The Light Between Oceans

Year by year, season by season, Hollywood has gotten better and better at churning out soapy, breathy prestige movies constructed just handsomely enough to cover up their seams. Partly, that’s a mark of experience: Think of the last two years’ worth of Academy and Golden Globe nominations, especially Eddie Redmayne vehicles like The Danish Girl or The Theory of Everything, movies soaked in rich production values and cut from consumer-safe foreign cloth that make melodrama out of human struggle. (Go back further if you like. You’ll find The Queen, Atonement, La Vie en rose, Anna Karenina, Quartet, the remainder of Tom Hooper’s post-2010 output, and more and worse.)
The biz has been making movies under this brand for years. It’s only natural the brand should improve in aesthetics, if not in content. Putting Derek Cianfrance in charge of such a film, then, feels like good logic, and thus we have The Light Between Oceans, an adaptation of an Australian writer M.L. Stedman’s debut novel, which possibly reads less disjointedly on the page than it does on screen. Cianfrance prefers to crush hearts rather than just draw tears: Blue Valentine, his first film, aims for the ventricles, while his follow-up, 2012’s The Place Beyond the Pines, tries to smother souls. Both are complex quasi-tragedies that buckle under the weight of their author’s ambitions—and it’s true of The Light Between Oceans too. You get the sense that Cianfrance wants us to applaud it just for having great aspirations.
The good: The film often looks lovely. But all of that loveliness is a cover for a creaky narrative. Cianfrance’s plot commences when war veteran Tom Sherbourne (Michael Fassbender) takes a position as a lighthouse keeper off the Western Australian coast, intent on separating himself from society for society’s sake. Men like Tom are catnip to women like Isabel (Alicia Vikander), who falls for the battle-scarred soldier after meeting him on the mainland on fewer than a handful of occasions and exchanging a stack of letters. (It is remarkable how fast the studio system has pigeonholed Vikander as a love interest for tormented men in their awards bait. She’s the Manic Prestige Dream Girl.)
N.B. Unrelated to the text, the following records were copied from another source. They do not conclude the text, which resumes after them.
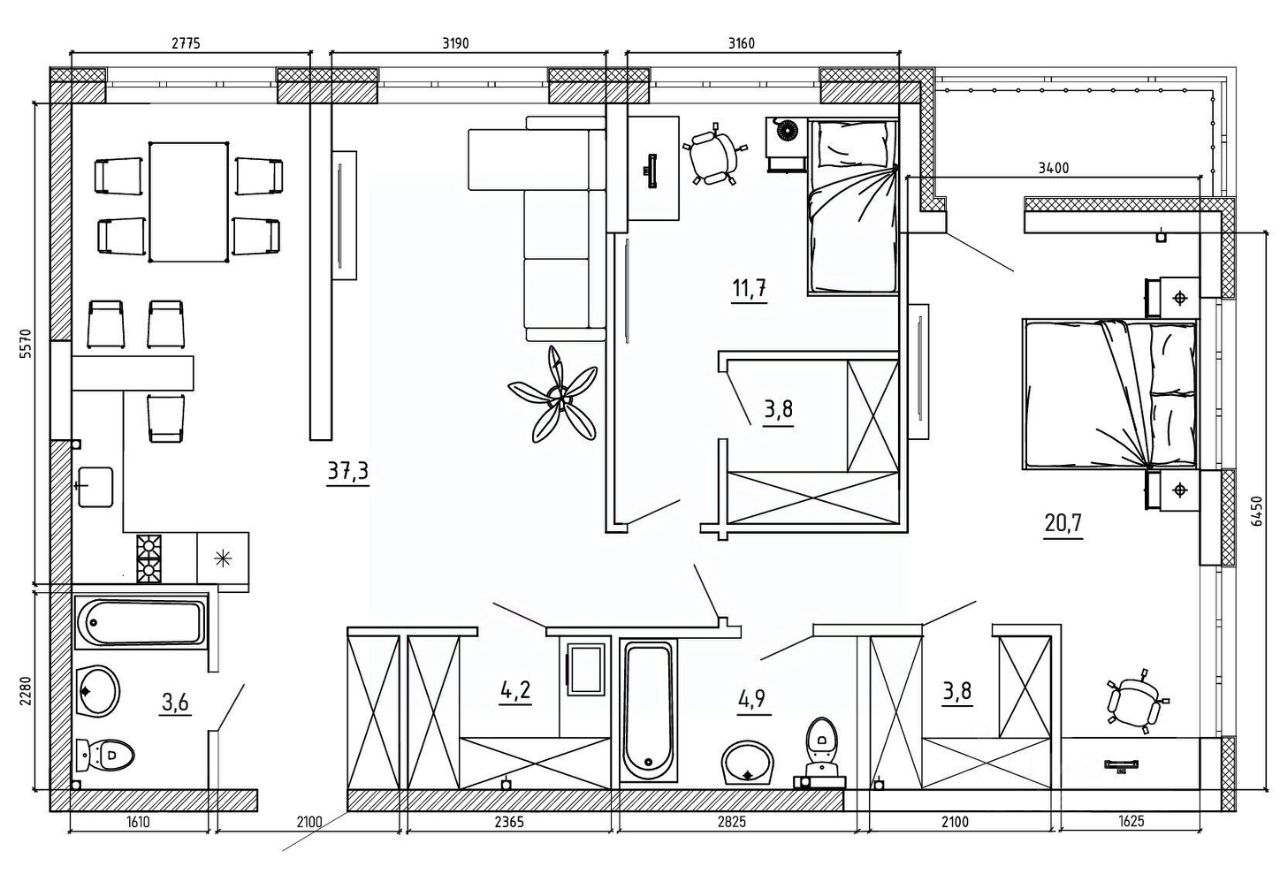 Общая площадь101,7 м2
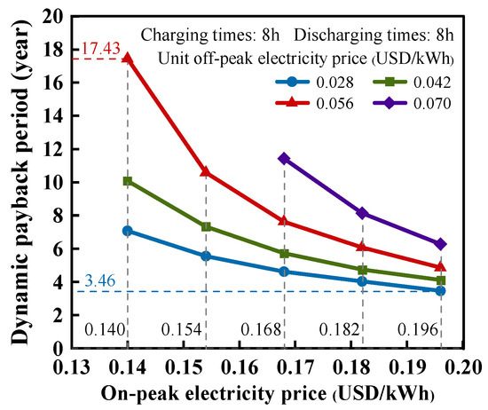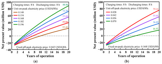 Both the DPP and LCOE show a decreasing trend before increasing with the rising charging pressure, according to Figure 5b. When increasing the charging pressure to 12–16 MPa, the DPP can be shortened to 5.73–6.20 years. The LCOE with the charging pressure of 12 MPa is 0.0965 USD·kWh−1, which is 0.0101 USD·kWh−1 less than that with the charging pressure of 18 MPa. It is because the largest net output power of the system occurs at the charging pressure of 12 MPa (see Table 5), allowing the system to generate the highest total annual revenue.
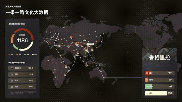 “一带一路”文化大数据可视化设计,收集球王会的文化项目基于地图进行可视化展示。根据项目进行数据分类,后台进行地区、内容、媒体等标签,前台以项目为单位基于地图进行数据展示,控制屏进行数据展示控制,大屏同步展示内容。大屏基于地区以圆圈大小进行数据展示,左侧为项目详情以及地区分类,右侧为所有项目简图合集,动态瀑布流形式进行滚动展示。用户在控制屏内可进行内容选择与内容控制,对应大屏将展开项目详情卡片与详情展示。
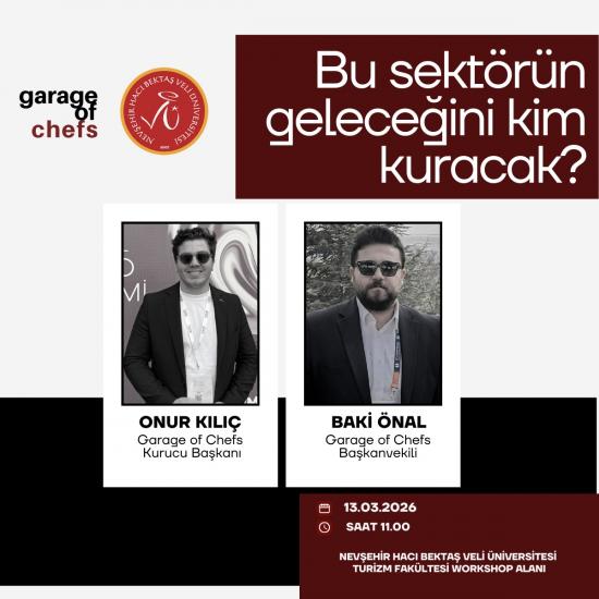 “Bu sektörün geleceğini kim kuracak?” başlıklı söyleşi kapsamında, Garage of Chefs Kurucu Başkanı Onur Kılıç ve Garage of Chefs Başkanvekili Baki Önal, gastronomi sektöründeki girişimcilik deneyimleri, mesleki kariyer süreçleri ve sektörel gelişmeler üzerine bilgi ve deneyimlerini öğrencilerle paylaşacaktır.
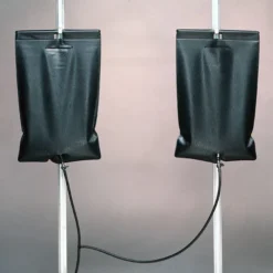 Three 2 gallon water reservoir bags with fittings to hang them from an aluminium greenhouse glazing bar – each bag holds sufficient water for 24 hours.
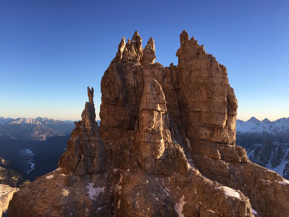 Partiti, e tornati, in bici dal Lago d’Antorno l’intera uscita è durata 13 ore. Dopo aver proseguito a piedi, le due guide alpine hanno deciso di partire dalla Cima Grande, e non dalla Cima Ovest come avevano programmato, perché la progressione è statà più difficile del previsto a causa della neve, che arrivava fino al ginocchio.
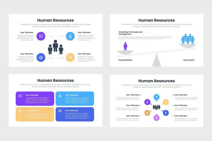 With a creative design that will capture attention without having to sacrifice your precious time, everything is just right where it should be to help you create organized, professional, and clean human resources infographics. With our PowerPoint Slides, Apple Keynote, and Google Slide integration, it’s never been easier to create materials that will hold your employee’s attention and educate them on the topics that matter the most!
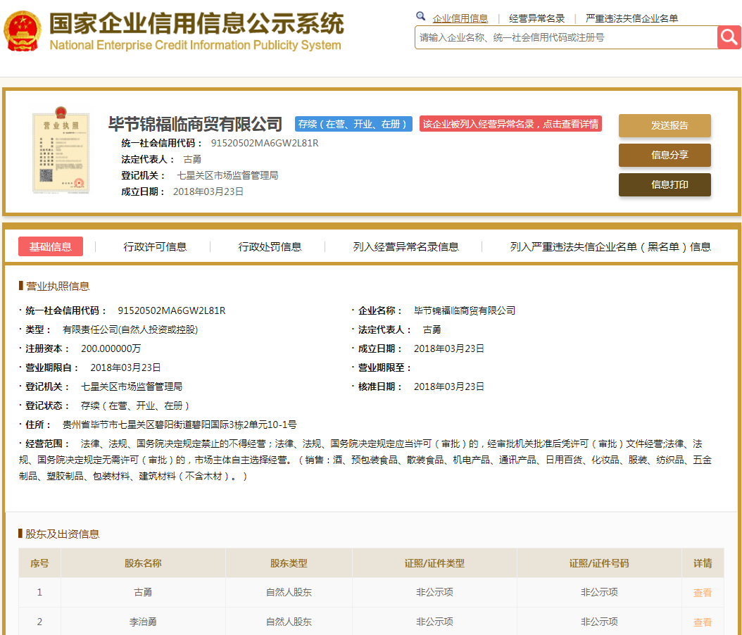 | 公司名称 | 毕节锦福临商贸有限公司 | 信用代码 | 91520502MA6GW2L81R |
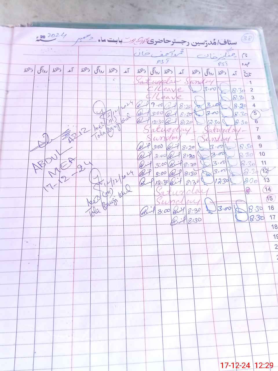 | CNIC | Full Name | Designation | R/C | Absence During Last Calender Month |
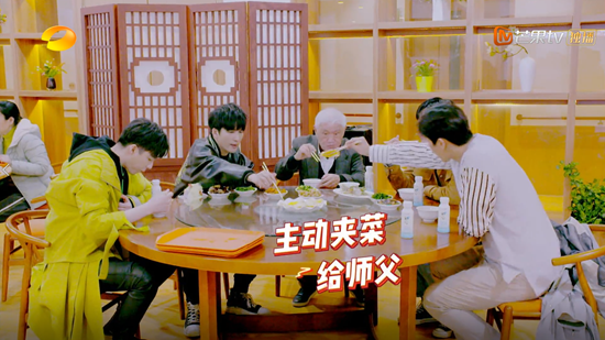 虽然已经是八十多岁的高龄,师父牛犇却依然保持着敬畏生活、敬畏工作的初心。与徒弟团回忆往事,告知徒弟团要热爱自己的事业,自己选的路要努力付出;而光盘行动、守时、每天五点起床等生活中的小细节也让徒弟团无不佩服。其实,生活中的师父牛犇有一颗老顽童的心,在看到徒弟们为“讨好”自己迟到买来喜爱的冰激凌时,瞬间就被“收买”,忘记了生气,还言称要与徒弟团成为“哥们”。师徒间的过招,层出不穷的金句,让节目传递正能量的同时,充满了轻松欢乐的气息。
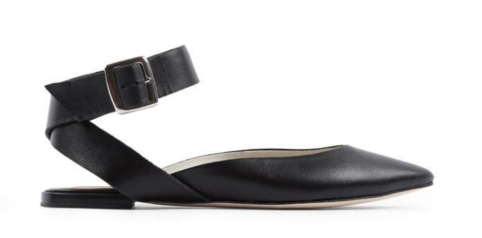 클래식 댄스 슈즈에 와이드 앵클 스트랩과 메탈 버클이 더해져 락시크 감성을 더한 것이 특징이며, 여성스러우면서도 모던하고 영한 무드를 자아낸다.
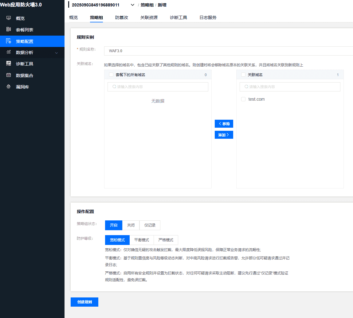 - 严格模式:启用所有安全规则并设置为拦截状态,对任何可疑请求采取主动阻断,建议先行通过“仅记录”模式验证规则适配性,避免误拦截。

They marry in seconds, and she has two miscarriages in only slightly larger a window of time than that. (You’d think The Light Between Oceans would save some perspective for her, but it’s determined to stick with Tom’s self-pitying point of view for unfathomable reasons.) But before grief can swallow Isabel hole, a baby washes ashore on Tom’s island residence, and they quickly adopt the child as their own. About an hour in, the baby’s biological mother, Hannah (Rachel Weisz), appears in their lives and is apprised of the identity of Tom and Isabel’s infant soon after, and, well, you can maybe see what troubles The Light Between Oceans at its core: Cianfrance has to make two movies, or more specifically he has to tell two stories, a feat he hasn’t quite mastered despite the fact that he’s spent most of his career trying to do just that.